BEGIN RECORDS

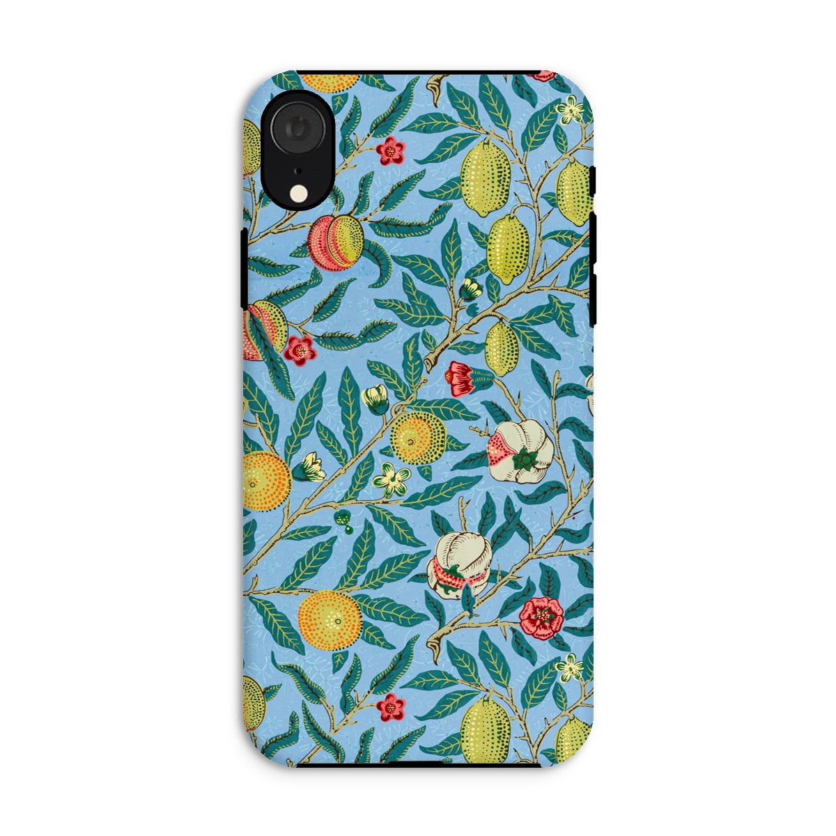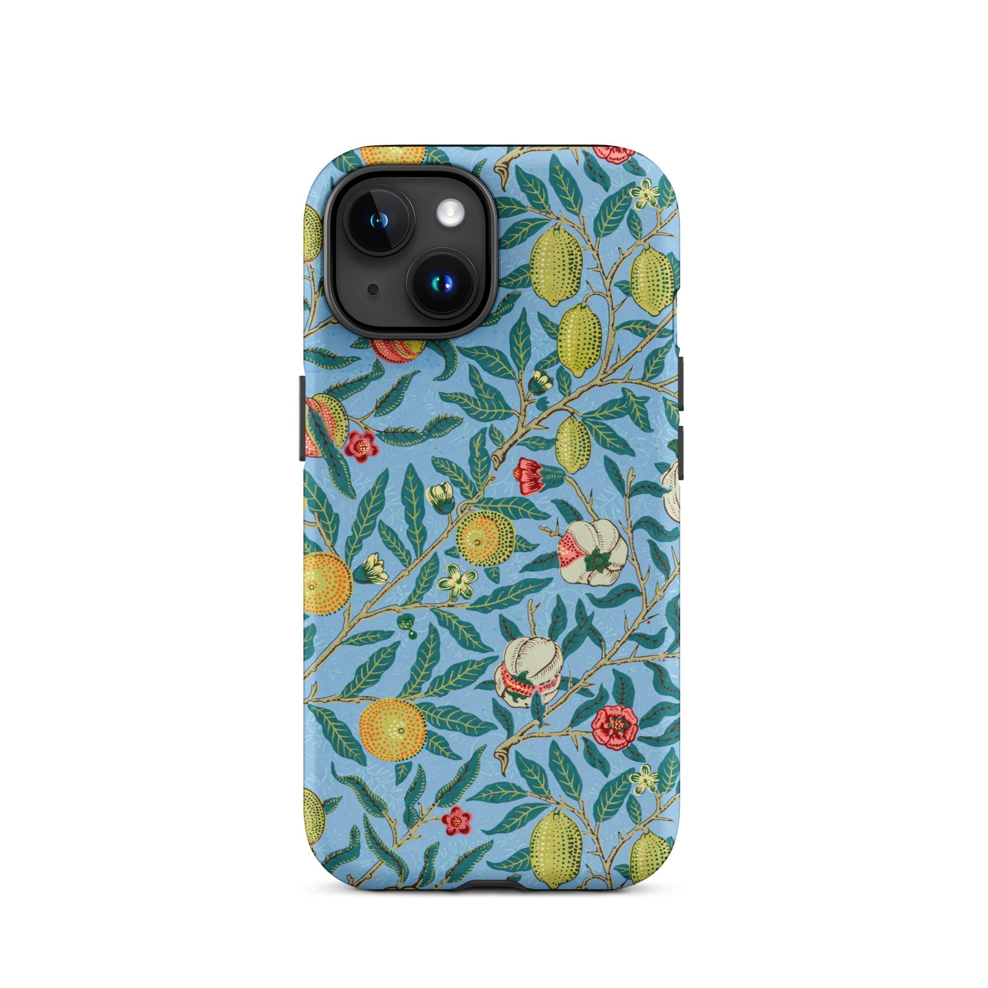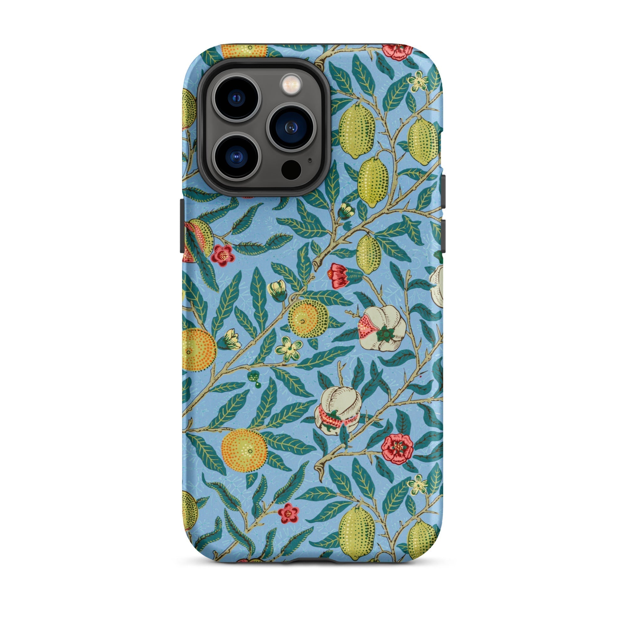 Transformeer je iPhone in een botanisch wonder uit het Victoriaanse tijdperk met deze "vier vruchten" -zaak van William Morris. Tegen een cerulean achtergrond ontvouwt het genie van Morris zich in een tapijt van de bounty van de natuur.
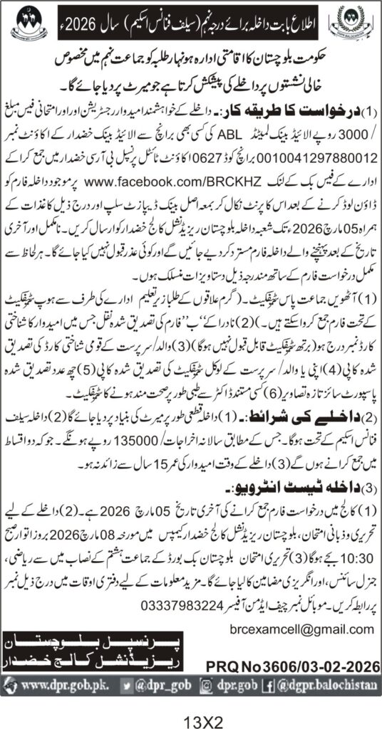 Admission to Self Finance Scheme for Reserved Seats at Balochistan Residential College Khuzdar for 2026
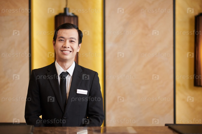 Позитивная азиатская гостиничная рецепционистка
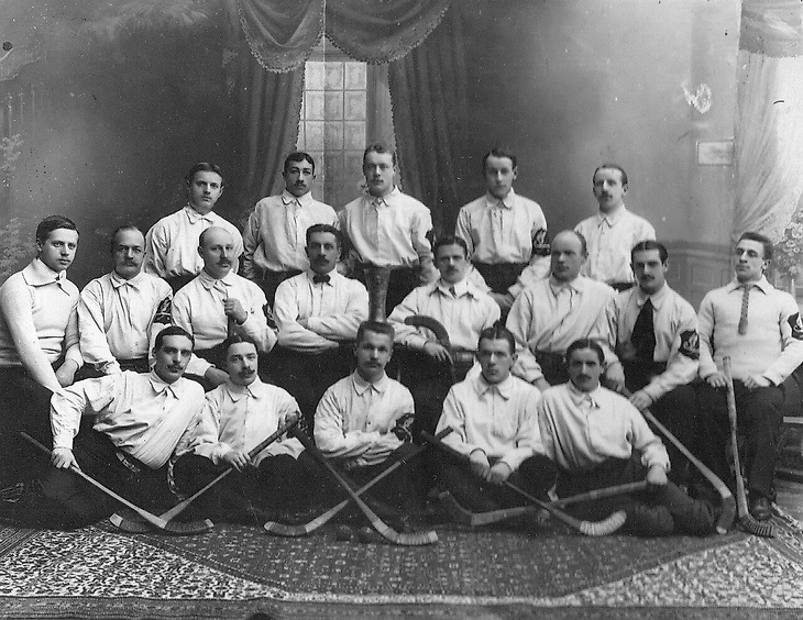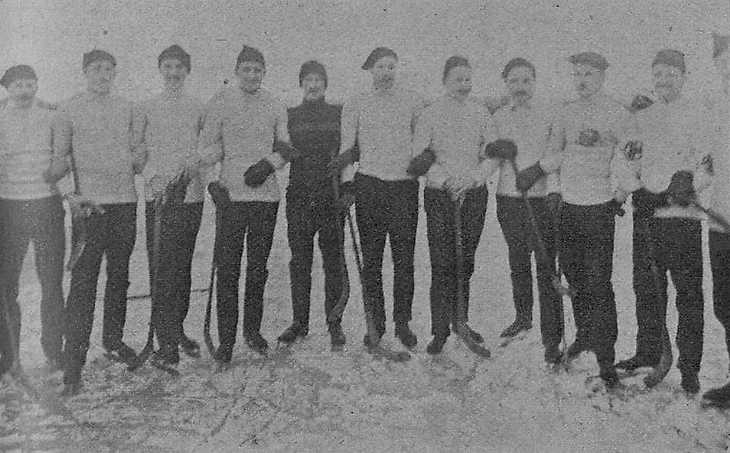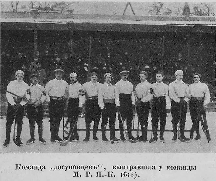 Февраль 1913 года. Санкт-Петербург. Юсупов сад. Хозяева - «Юсуповцы» (с эмблемой на рукаве) и москвичи из «Яхт-клуба» (Императорский Московский речной яхт-клуб / ИМРЯК) с эмблемой на груди
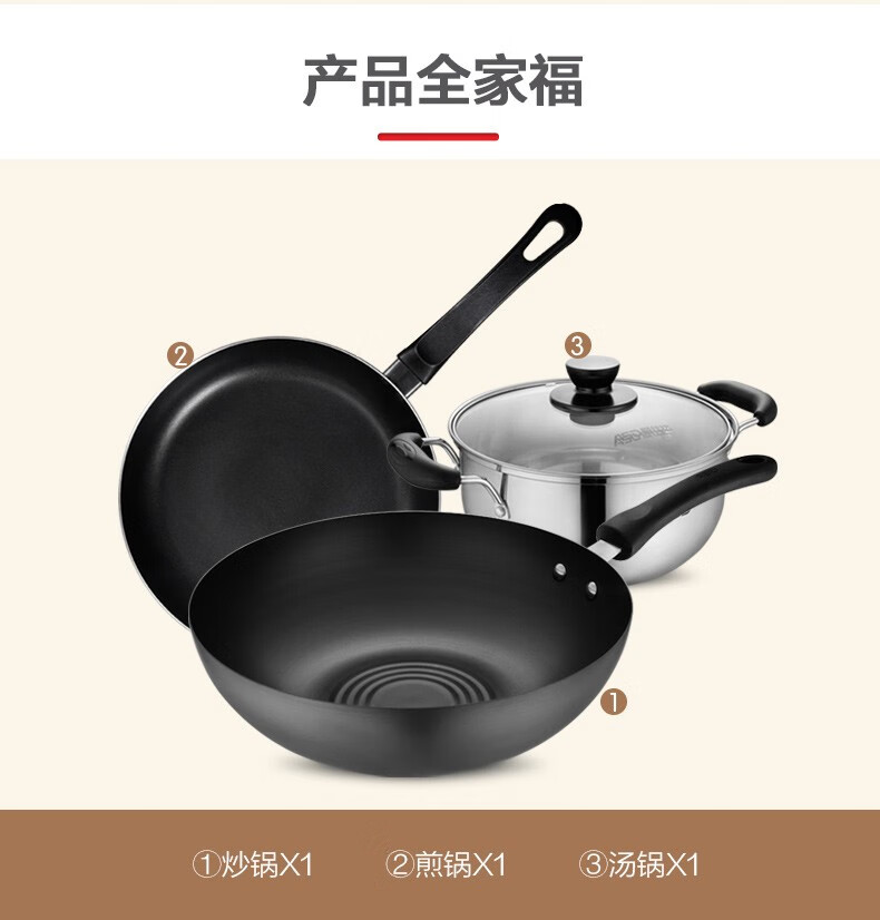 厨具  > 烹饪锅具  > 炒锅  >  爱仕达/ASD  >  爱仕达/ASD PH03B2TG 爱仕达(ASD) 聚味锅具套装精铁无涂层不粘煎锅三件套 炒锅30cm +煎锅26cm +汤锅20cm明火适用 PH03B2TG PH03B2TG
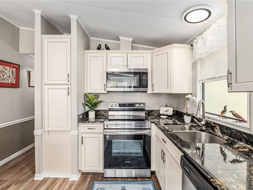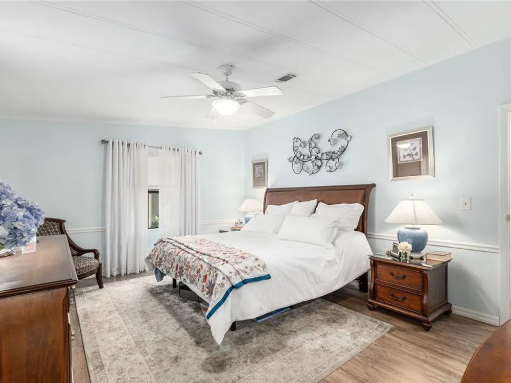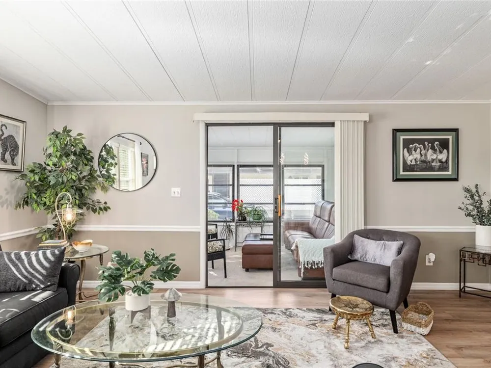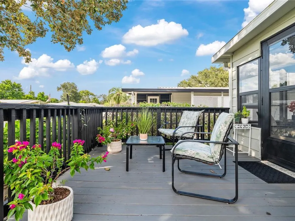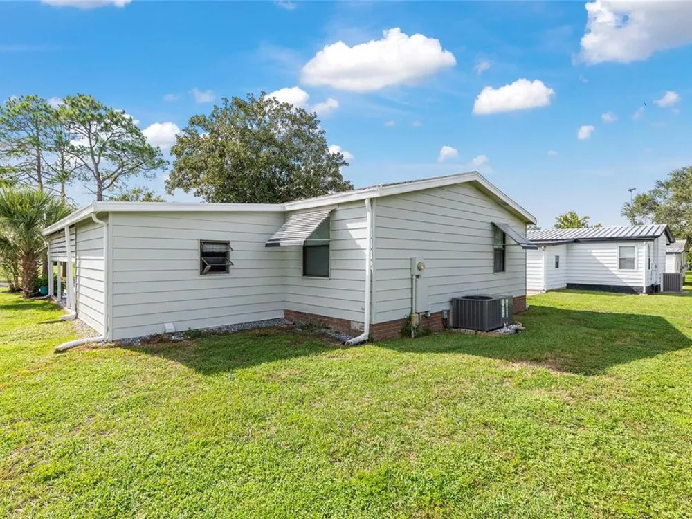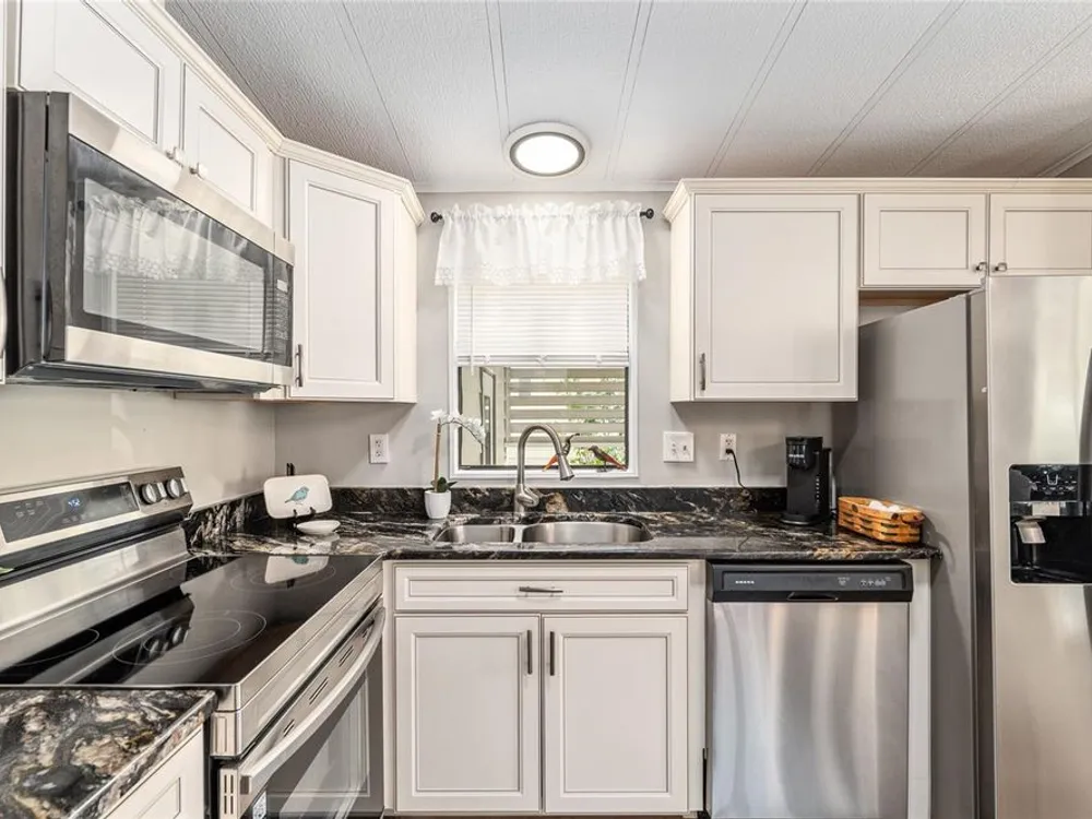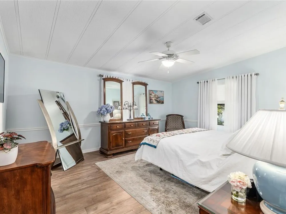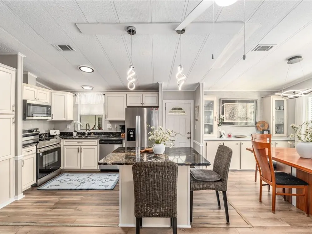 Welcome to this beautifully remodeled 2-bedroom, 2-bath manufactured home located in the desirable Village of Silver Lake, nestled within the historic side of The Villages. Every detail of this home has been thoughtfully updated to fresh, clean, and modern living. Step inside and immediately notice the stylish luxury vinyl plank (LVP) flooring (installed in 2021), paired with a sleek, modern kitchen featuring stainless steel appliances (2022), granite countertops, and contemporary sinks. A freshly painted interior (2023) creates a bright, inviting atmosphere, while new front windows (2025) bring in abundant natural light. The open-concept kitchen includes a large island perfect for casual meals, along with a separate dining area ideal for entertaining. The spacious living room and primary bedroom provide comfort and functionality, while the versatile guest bedroom includes a built-in Murphy bed—perfect for hosting or use as a home office. Enjoy your morning coffee or unwind in the evening on the lanai or front deck, which overlook a peaceful, park-like setting across the street, offering rare privacy and tranquil views.
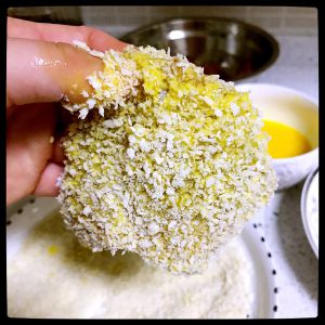 从冰箱取出,均匀裹一层蛋液,再裹一层面包糠。为什么要用蛋液?涂抹一层鸡蛋液,可以把面包糠粘住,炸出的鸡排更酥脆。
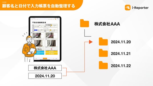 ▼ケース1:顧客名と日付で入力帳票を自動整理する。
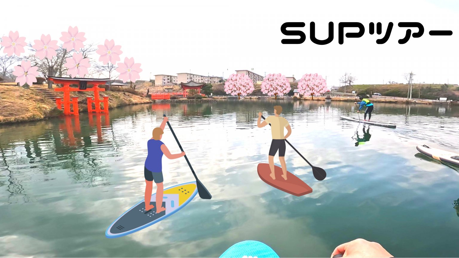 ・出航〜30分程度:水上で、お花見×SUP体験!
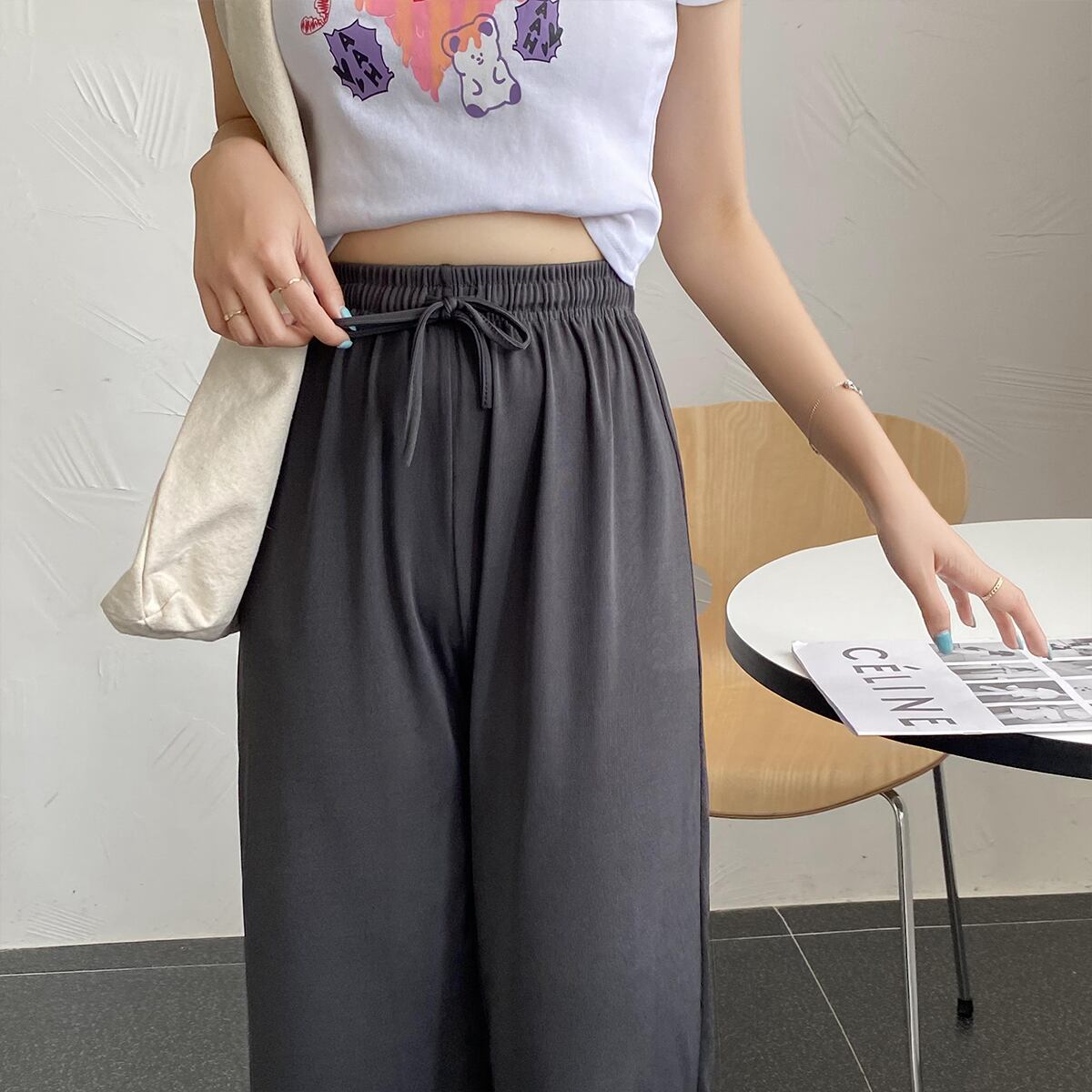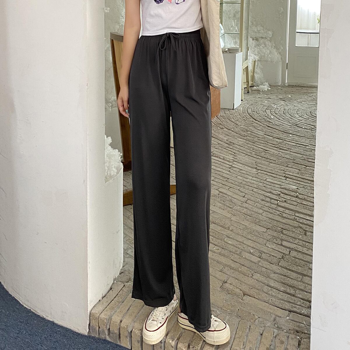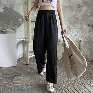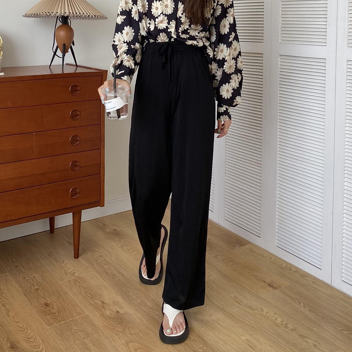 ブラックカジュアルパンツ サマー薄手ルーズハイウェスト 夏物 クレセントシティ45485945089
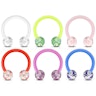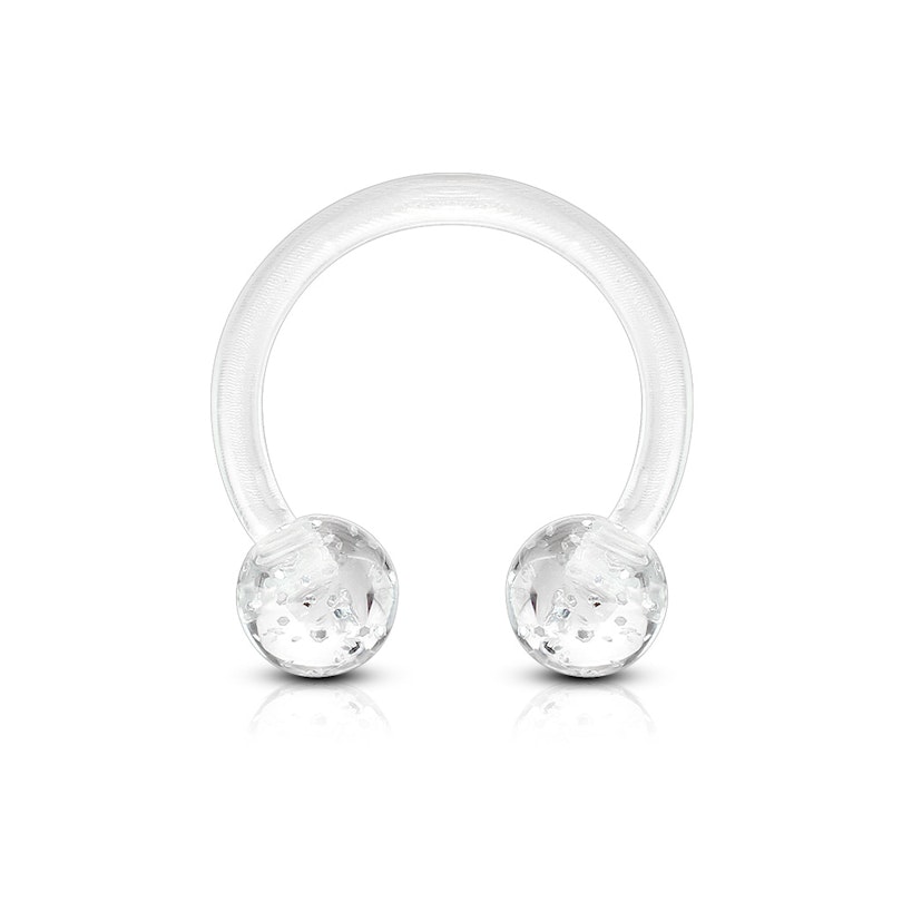 Nell'immagine soprastante puoi scoprire un bellissimo ferro di cavallo fatto in acrilico dotato di sfere da piercing decorate con glitter. Questo ferro di cavallo è disponibile in diversi colori, tra i quali il blu, il verde e il rosa. Il colore sul ferro di cavallo non è al 100% identico a quello delle sfere. Ad esempio, se prendiamo in considerazione il modello blu, il colore del ferro di cavallo è leggermente più chiaro del colore delle sfere. Un vantaggio di questo gioiello è la sua flessibilità, aspetto che ne facilita l'inserimento attraverso il foro del piercing.

END RECORDS

▶ [TASK PROMPT] The lines above starting at the one that holds "Февраль 1913 года." and ending at the one that holds "厨具  > 烹饪锅具  > 炒锅" are to be written out exactly, ends included, and no pictures are to be copied.

▶ [SOLUTION TO THIS PROBLEM]
 Февраль 1913 года. Санкт-Петербург. Юсупов сад. Хозяева - «Юсуповцы» (с эмблемой на рукаве) и москвичи из «Яхт-клуба» (Императорский Московский речной яхт-клуб / ИМРЯК) с эмблемой на груди
 厨具  > 烹饪锅具  > 炒锅  >  爱仕达/ASD  >  爱仕达/ASD PH03B2TG 爱仕达(ASD) 聚味锅具套装精铁无涂层不粘煎锅三件套 炒锅30cm +煎锅26cm +汤锅20cm明火适用 PH03B2TG PH03B2TG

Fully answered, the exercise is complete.